Eine Hauptaufgabe der Biostation ist es, die Rekultivierung der Abgrabungsfolgenlandschaften positiv zu begleiten, erläutert Klaus Kretschmer. Kaum eine Landschaft der Region sei natürlichen Ursprungs, Kiesbaggerei und Kohleabbau haben das Gesicht des Kreises nachhaltig verändert und tun es noch.

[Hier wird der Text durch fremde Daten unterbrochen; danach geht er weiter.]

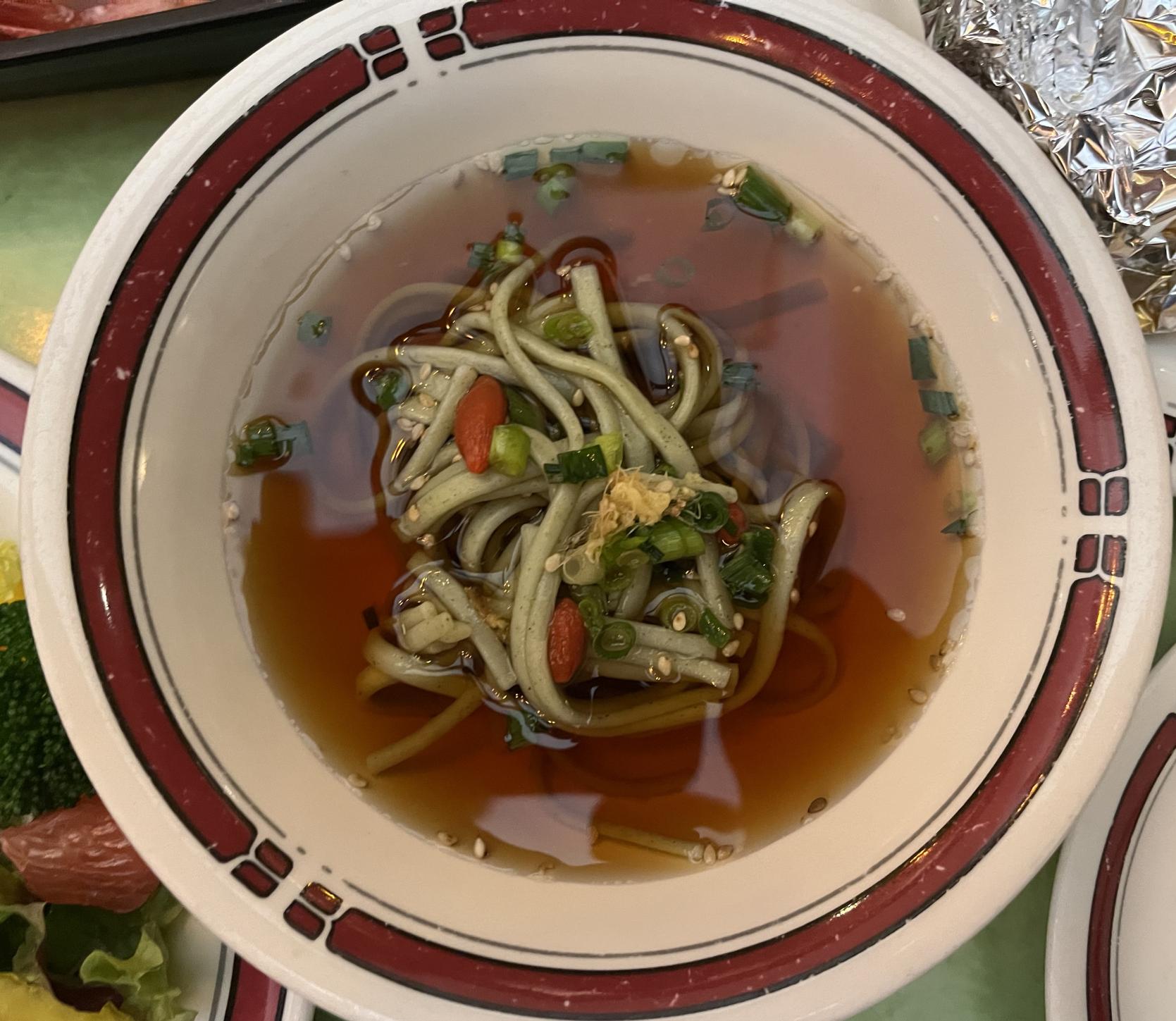中央に陣取るのは、地域特産のモロヘイヤを練りこんだ冷そば。茶そばのような独特の香味が面白く、つるりとしたのどこしも抜群だ。

Informationen zur Biologischen Station im Kreis Wesel
Die Biologische Station im Kreis Wesel hat 13 Angestellte und machte im Jahr 2021 einen Umsatz von 1,1 Millionen. 84 Prozent der Vereinsarbeit ist gemeinnützig, die Betreuung der Naturschutzgebiete beispielsweise. Finanziert wird das vom Regionalverband Ruhr (RVR), Land NRW und Kreis Wesel. Darüber hinaus gibt es noch neun Prozent Wirtschaftsbetrieb: Die Biologen untersuchen und kartieren, was in bestimmten Gebieten wächst und lebt, beispielsweise im Auftrag von Amprion, wenn an den Hochleitungsmasten gebaut werden soll.